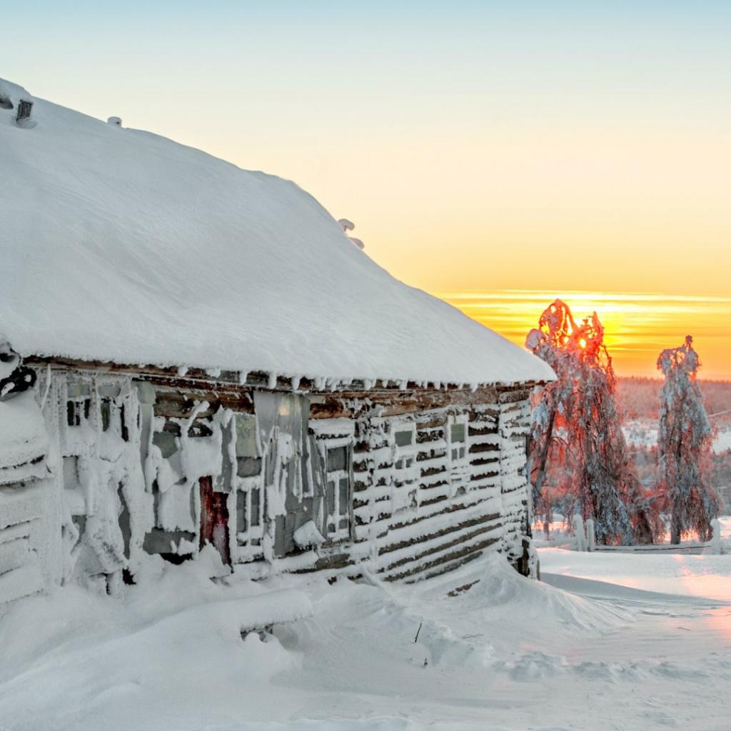 Wallpaper Hut plastered with snow
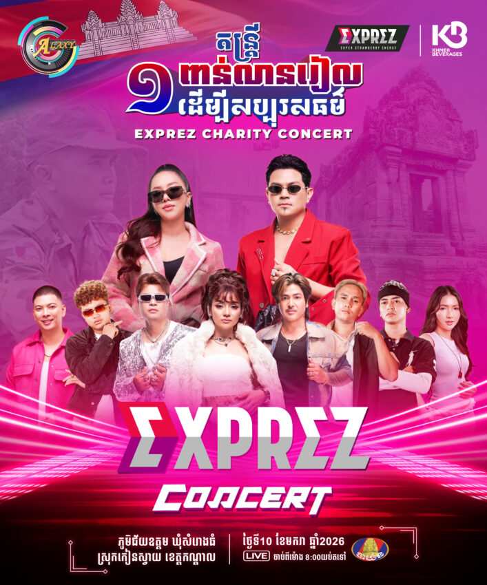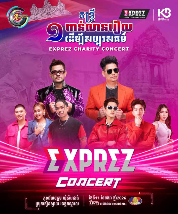 ព្រឹត្តិការណ៍ប្រគំតន្រ្តីសប្បុរសធម៌ Exprez Charity Concert នឹងរៀបចំឡើងនៅថ្ងៃទី ១០ ខែ មករា ឆ្នាំ ២០២៦ នៅ ភូមិជ័យឧត្តម ឃុំសំរោងធំ ស្រុកកៀនស្វាយ ខេត្តកណ្តាល ដោយមានការចូលរួមសម្តែងនិងច្រៀងពីតារាចម្រៀងល្បីៗដូចជា ឧកញ៉ា ខេមរៈ សិរីមន្ត , កញ្ញា តន់ ចន្ទសីម៉ា , លោក ជុំ លីណូ ,អ្នកនាង ខាត់ សួស្តី ,លោក វង្ស ថាណាន់ និងបេក្ខជនកម្មវិធី CAMBO RAPPER។ ដោយឡែក ថ្ងៃទី ១១ ខែមករា ឆ្នាំ ២០២៦ ជូបជាមួយកំពូលតារាចម្រៀង លោក ព្រាប សុវត្ថិ , លោក ខេម ,លោក Tempo Tris , លោក សុវត្ថិ មុនីវណ្ណ ,លោក សុវត្ថិ សិរីវុឌ្ឍ និងកញ្ញា NANA ដែលត្រៀមអង្រួនឆាក Exprez Charity Concert ។
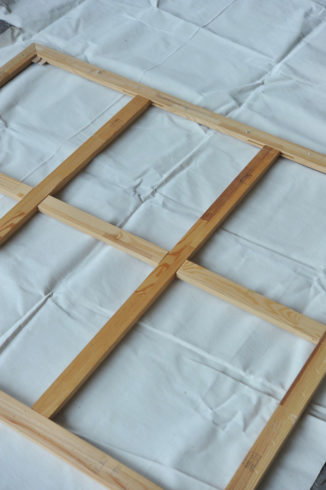 Der Keilrahmen wird möglichst fadengerade auf das Gewebe aufgelegt, bevor es – je nach Stärke der Keilrahmenschenkel – mit einer Zugabe von mindestens 8 Zentimetern zurechtgeschnitten wird. Im Anschluss wird es locker und mit Spielraum positioniert, an den Kanten und Ecken umgeschlagen und auf der Rückseite festgetackert.
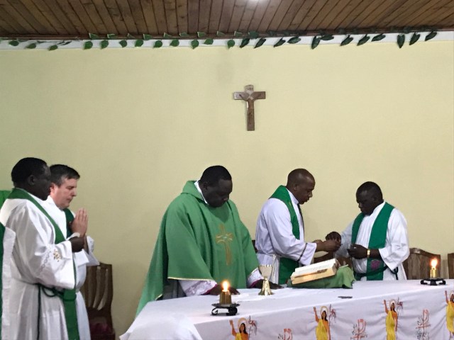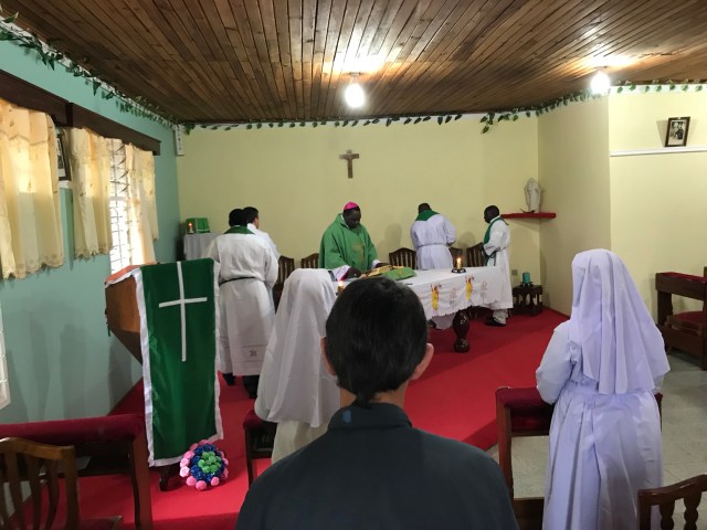 After a very long day and late night on Sunday, we started the day rather late for us with a celebration of the Mass with Bishop Flavian Kassala in the chapel in his home, beginning at 9:10 a.m. It was a great way to start the day. Then, after a good breakfast with Bishop, we set out in different directions on or various missions.
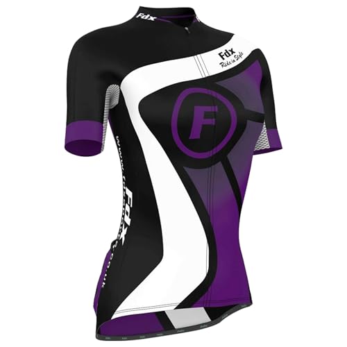 FDX Women’s Cycling Jersey - Breathable, Lightweight, Quick Dry Short Sleeve Cycle Tops - Full Zipper Bicycle Shirt with 4 Pockets, Running, MTB Racing, Ladies Outdoor Sports Clothes (Purple, X-Small)
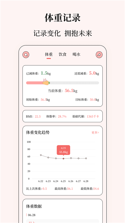一站式健康管理:覆盖从食物查询、饮食记录、运动追踪到身体指标分析的完整闭环,满足减脂、增肌、维持体重等多元目标需求。

Exercise requirements: Once the line with "ព្រឹត្តិការណ៍ប្រគំតន្រ្តីសប្បុរសធម៌ Exprez Charity" is found above, print it and every line after it through the line with "Der Keilrahmen wird", exactly. Pictures stay out.

Solution to the problem:
 ព្រឹត្តិការណ៍ប្រគំតន្រ្តីសប្បុរសធម៌ Exprez Charity Concert នឹងរៀបចំឡើងនៅថ្ងៃទី ១០ ខែ មករា ឆ្នាំ ២០២៦ នៅ ភូមិជ័យឧត្តម ឃុំសំរោងធំ ស្រុកកៀនស្វាយ ខេត្តកណ្តាល ដោយមានការចូលរួមសម្តែងនិងច្រៀងពីតារាចម្រៀងល្បីៗដូចជា ឧកញ៉ា ខេមរៈ សិរីមន្ត , កញ្ញា តន់ ចន្ទសីម៉ា , លោក ជុំ លីណូ ,អ្នកនាង ខាត់ សួស្តី ,លោក វង្ស ថាណាន់ និងបេក្ខជនកម្មវិធី CAMBO RAPPER។ ដោយឡែក ថ្ងៃទី ១១ ខែមករា ឆ្នាំ ២០២៦ ជូបជាមួយកំពូលតារាចម្រៀង លោក ព្រាប សុវត្ថិ , លោក ខេម ,លោក Tempo Tris , លោក សុវត្ថិ មុនីវណ្ណ ,លោក សុវត្ថិ សិរីវុឌ្ឍ និងកញ្ញា NANA ដែលត្រៀមអង្រួនឆាក Exprez Charity Concert ។
 Der Keilrahmen wird möglichst fadengerade auf das Gewebe aufgelegt, bevor es – je nach Stärke der Keilrahmenschenkel – mit einer Zugabe von mindestens 8 Zentimetern zurechtgeschnitten wird. Im Anschluss wird es locker und mit Spielraum positioniert, an den Kanten und Ecken umgeschlagen und auf der Rückseite festgetackert.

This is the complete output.